PROBLEM TO SOLVE
Reproduce the data exactly and drop any pictures it holds.

INPUT MATERIAL
⟨

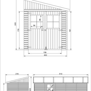 Timbela Cobertizo de madera – h244x218x416 cm/8.1 m2
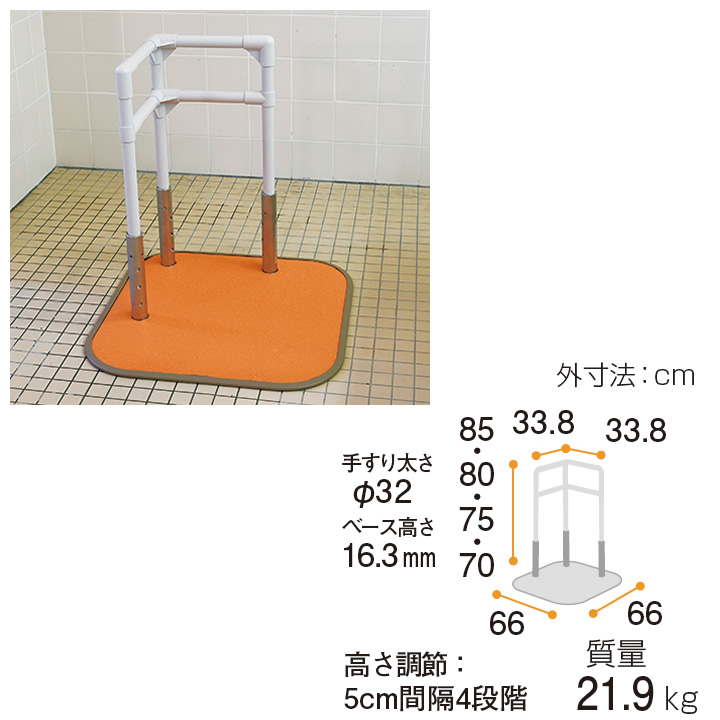 必要な場所に「おくだけ」ですぐに使用することができる工事不要の手すりです。
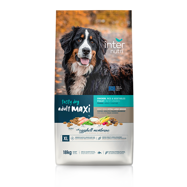 INTERNUTRI TASTY DOG ADULT MAXI – Frango, Arroz & Vegetais foi especialmente concebido para cães adultos de grande porte, com necessidades musculoarticulares mais exigentes. A membrana de casca de ovo promove mobilidade, maior elasticidade e reduz o risco de lesões. A fórmula rica em frango apoia a massa muscular e a energia diária, enquanto os nutrientes essenciais mantêm pele e pelo saudáveis. Elevada digestibilidade, reforço imunitário e bem-estar integral – sem corantes nem sabores artificiais. produzido na Europa.
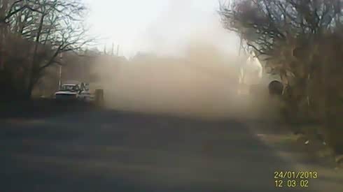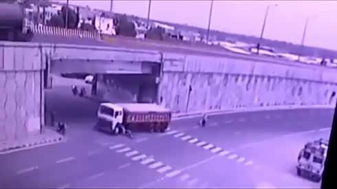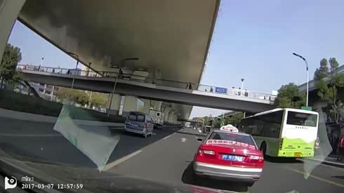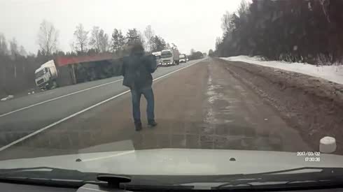 太吓人了!摄像车拐弯处遇见货车侧翻
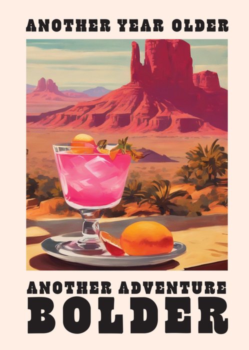 Front of card: Featuring a vibrant desert scene, in the foreground, there is a refreshing pink drink in a glass filled with ice and garnished with a slice of citrus fruit. Text reads: "Another year older another year bolder".
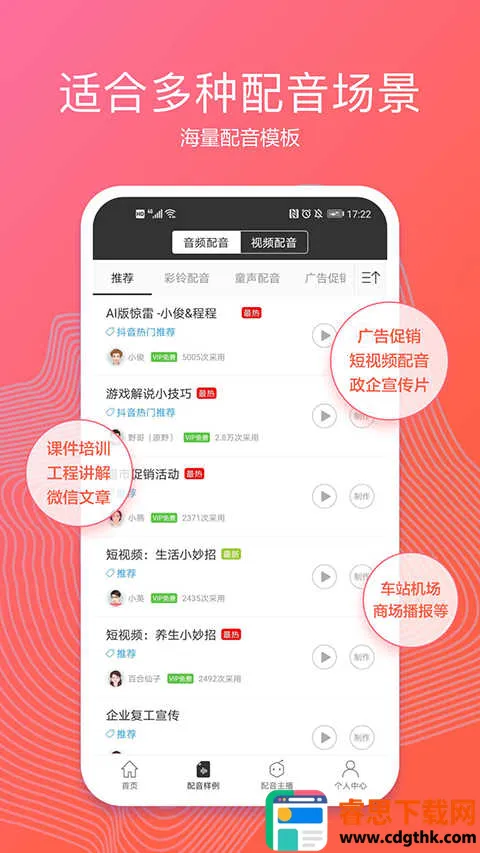 3. 文案丰富:拥有海量样音模板,文案优质,背景音库丰富,能完美搭配,满足多样场景。
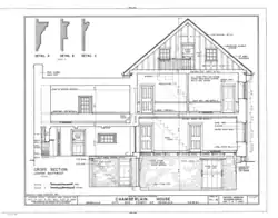 By 1920, the House was restored. The woodwork, which had been riddled with borers, was replaced with new, the roof covered with asbestos shingles, and green shutters placed at the windows. The inside remained the same, with steep stairways, small-paned windows, a great attic, and low-ceiled kitchen.[5] The services of Mr. Eskew, who did the restorative work on the Chamberlain House, were also secured for the restoration of the Adobe Schoolhouse (1920–21).[6]
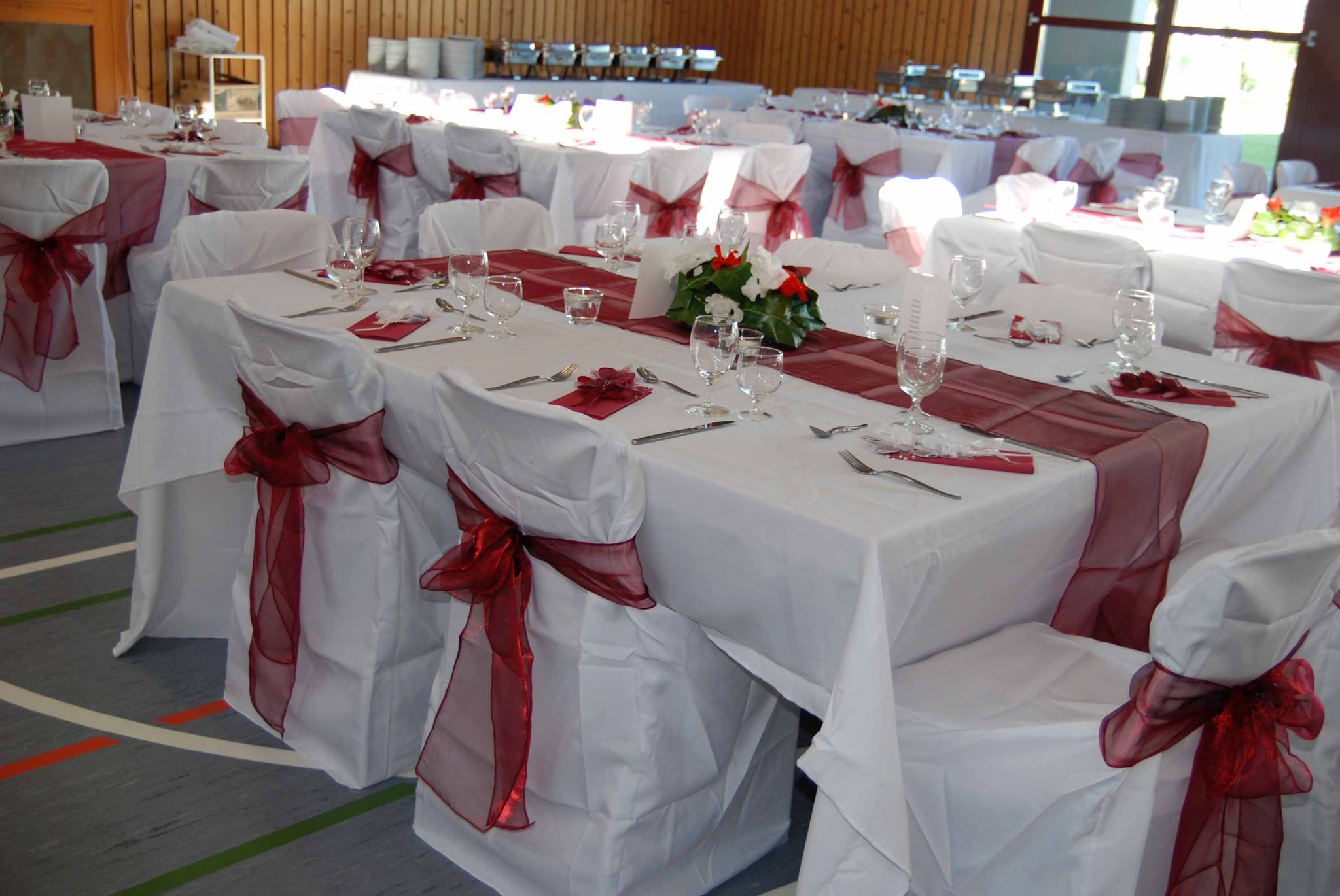 Nous mettons à votre disposition: Des housses de chaises blanches, Selon vos désirs un ruban et un chemin de table à la couleur de votre choix pour rappeler le thème de votre soirée, des nappes blanches, tour pour la table d’honneur.
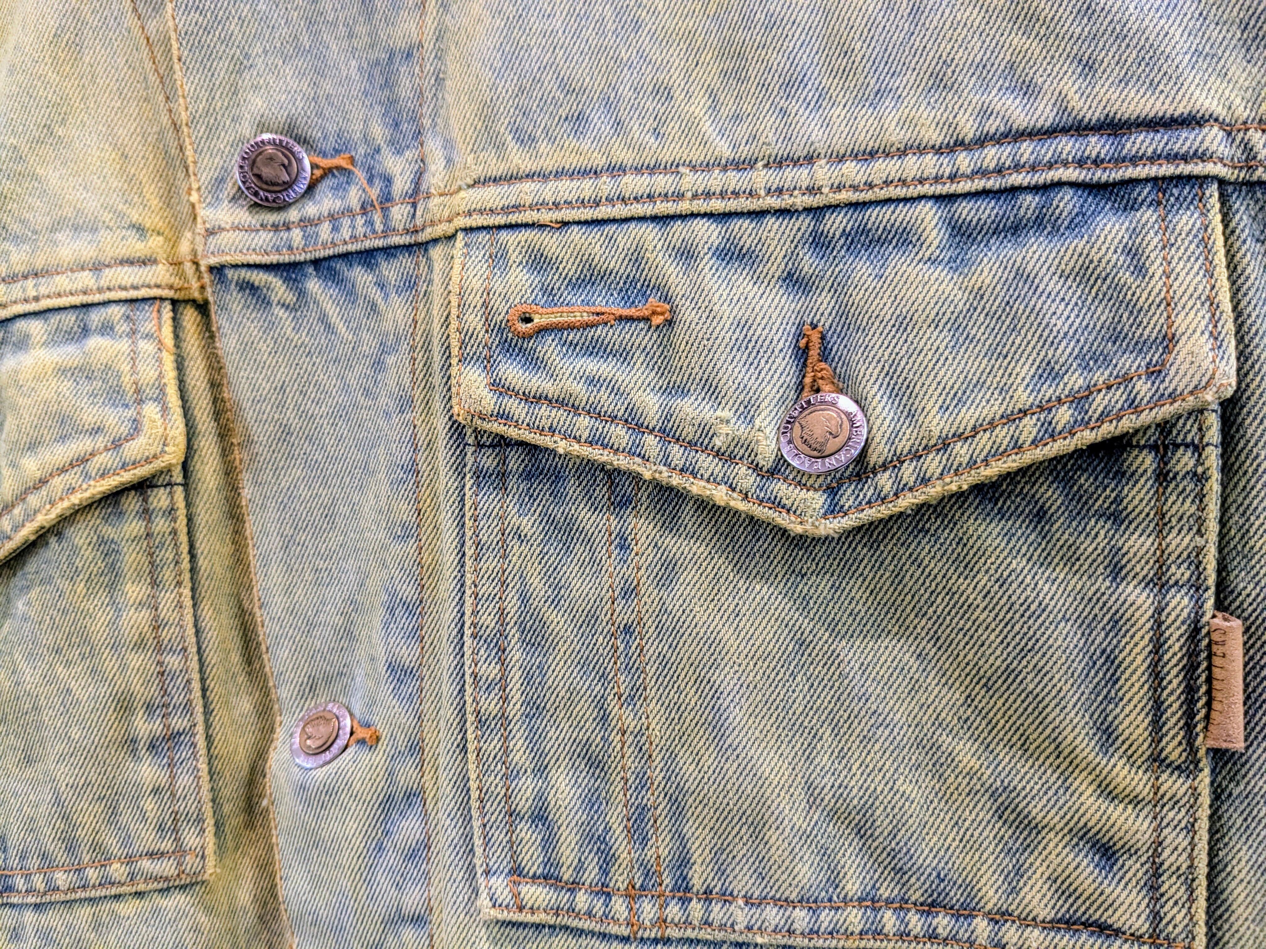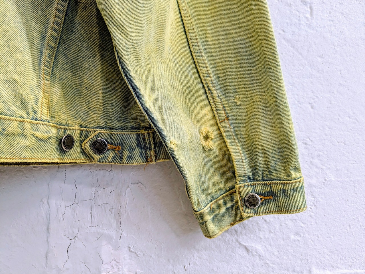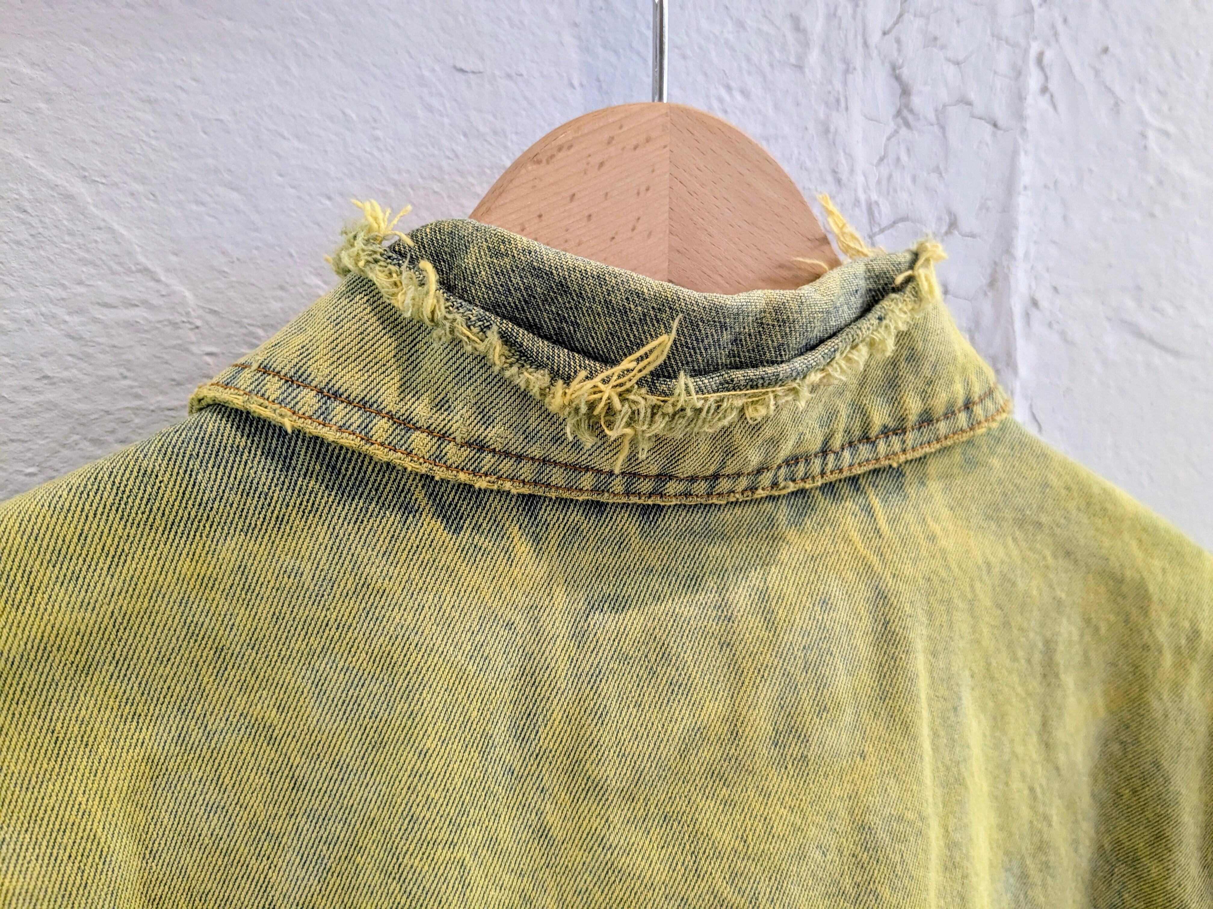 色が入りやすいように一度色を抜き、そこから染色をしてもらっています。ダメージなどは元々の個体のものになります。そのダメージの感じもまた雰囲気があり良い感じです。個体差もそうですが、色の出方など全て変わってしまうので全て1点物となっています。古着などで探すとなかなか出てこないかと。

⟩

WRITTEN SOLUTION
 Timbela Cobertizo de madera – h244x218x416 cm/8.1 m2
 必要な場所に「おくだけ」ですぐに使用することができる工事不要の手すりです。
 INTERNUTRI TASTY DOG ADULT MAXI – Frango, Arroz & Vegetais foi especialmente concebido para cães adultos de grande porte, com necessidades musculoarticulares mais exigentes. A membrana de casca de ovo promove mobilidade, maior elasticidade e reduz o risco de lesões. A fórmula rica em frango apoia a massa muscular e a energia diária, enquanto os nutrientes essenciais mantêm pele e pelo saudáveis. Elevada digestibilidade, reforço imunitário e bem-estar integral – sem corantes nem sabores artificiais. produzido na Europa.
 太吓人了!摄像车拐弯处遇见货车侧翻
 Front of card: Featuring a vibrant desert scene, in the foreground, there is a refreshing pink drink in a glass filled with ice and garnished with a slice of citrus fruit. Text reads: "Another year older another year bolder".
 3. 文案丰富:拥有海量样音模板,文案优质,背景音库丰富,能完美搭配,满足多样场景。
 By 1920, the House was restored. The woodwork, which had been riddled with borers, was replaced with new, the roof covered with asbestos shingles, and green shutters placed at the windows. The inside remained the same, with steep stairways, small-paned windows, a great attic, and low-ceiled kitchen.[5] The services of Mr. Eskew, who did the restorative work on the Chamberlain House, were also secured for the restoration of the Adobe Schoolhouse (1920–21).[6]
 Nous mettons à votre disposition: Des housses de chaises blanches, Selon vos désirs un ruban et un chemin de table à la couleur de votre choix pour rappeler le thème de votre soirée, des nappes blanches, tour pour la table d’honneur.
 色が入りやすいように一度色を抜き、そこから染色をしてもらっています。ダメージなどは元々の個体のものになります。そのダメージの感じもまた雰囲気があり良い感じです。個体差もそうですが、色の出方など全て変わってしまうので全て1点物となっています。古着などで探すとなかなか出てこないかと。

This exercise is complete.